JACKSON - The U.S. Chamber of Commerce is warning members about doing business in Mississippi, a state it says is becoming a legal magnet for negligence lawsuits and eye-popping verdicts.
The chamber - for the first time in its 90-year history - is spending $100,000 to run newspaper ad-vertisements in the state Thursday urging Mississippians to call on lawmakers to make changes to the state's "flawed legal system." One of those advertisements is included in today's Commonwealth.
Gov. Ronnie Musgrove called the pronouncement "outrageous."
It's the second national organization to target Mississippi this week because of its litigious climate. On Monday, the American College of Obstetricians and Gynecologists identified Mississippi as one of nine states with a liability insurance crisis that threatens the availability of doctors to deliver babies.
The lawyer-dominated Mississippi Legislature rejected several tort reform bills in its three-month session that ended April 12.
"It's a sad day in America when an institution like the U.S. Chamber of Commerce has no choice but to shine a spotlight on the state's legal environment," Tom Donohue, the chamber's president and chief executive, said at a news conference Wednesday in Washington.
Mississippi has gained a national reputation for multimillion-dollar verdicts and settlements in high-profile suits involving the tobacco industry, asbestos, health maintenance organizations and drug companies.
The chamber's decision to single out Mississippi prompted an outcry from the state's top elected officials.
Musgrove said news reports in recent days that Alabama-based USA Fabrics is opening a plant in Clarke County and that Mississippi's exports rose 30 percent last year are evidence the business climate is healthy.
"With all those positive things happening, the action of the U.S. Chamber is outrageous, inappropriate and irresponsible," Musgrove told The Associated Press after the business group's news conference.
"Basically what they're doing is no more than political blackmail," the governor said. "To me, the U.S. Chamber should worry about the national economy and the national recession's effect on Mississippi."
Senate Minority Leader Trent Lott, R-Miss., met with chamber officials late last week to try to discourage such a public message.
"Mississippi's citizens, local and state elected officials and our media are conducting a very open, thought-provoking debate about tort reform," Lott said Wednesday. "I'm among many Mississippi citizens who believe tort reform is needed.
"However, I don't believe singling-out Mississippi over other states that have similar circumstances contributes to this sincere debate, and I don't appreciate the Chamber's actions today."
Mississippi House Speaker Tim Ford and Lt.

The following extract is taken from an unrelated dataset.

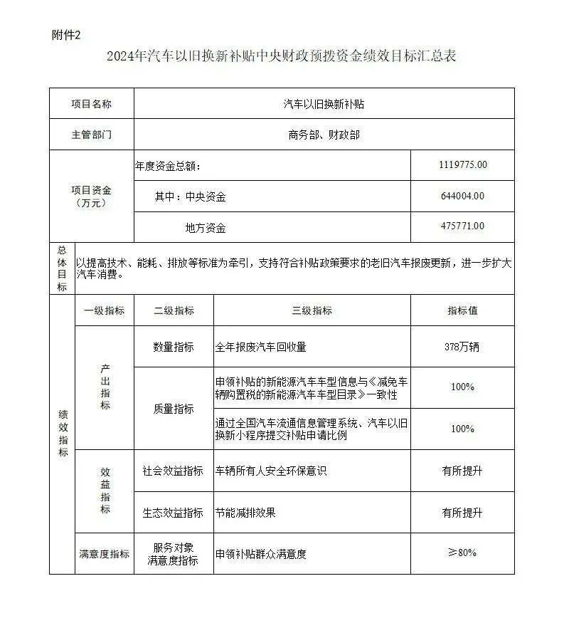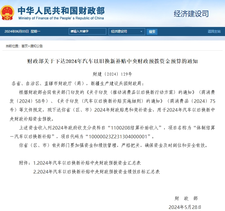 早前报道:64.4亿元!财政部下达2024年汽车以旧换新补贴

Gov. Amy Tuck said this week the Legislature will hold meetings this summer to study tort reform.
Musgrove said Wednesday he'd call a special legislative session "if the leadership of the House and Senate give me any indication that meaningful, reasonable civil justice reform will be considered."
The governor questioned why the newspaper ads were running only in Mississippi if the organization was trying to send a message to businesses nationwide.
"That certainly raises the question as to what the intent behind this political campaign is," he said.
The U.S. Chamber, which says it has three million members, is no stranger to Mississippi politics. In 2000, the organization and trial lawyers squared off and spent several hundred thousand dollars on ads promoting judicial candidates in the state.
The chamber recently won a legal battle that allowed it to keep secret how much it spent on television ads for certain state Supreme Court candidates. A three-judge panel for the 5th U.S. Circuit Court of Appeals ruled last month that the TV ads weren't political. Mississippi officials are appealing to the full 5th Circuit.
Donohue acknowledged that other states have similar legal woes and said the chamber planned to cite them in coming months.
He said the group started with Mississippi because its legal system was ranked the worst in America in a recent chamber-sponsored Harris Interactive survey of more than 800 corporate law firms.
Mississippi ranked last in categories such as judicial competence, jury fairness and the overall treatment of tort and contract litigation.
According to the chamber's advertisement, the highest reported jury verdict in Mississippi before 1995 was $9 million. Since then, at least 16 have topped that figure, the ad says.
It also urges citizens to "learn all you can about the fairness of judges running in this November's elections."
Trial lawyers in Mississippi consistently have said that the state's legal system works fine and that a handful of high-profile cases in recent years involving $100 million-plus resolutions isn't cause for massive tort reform.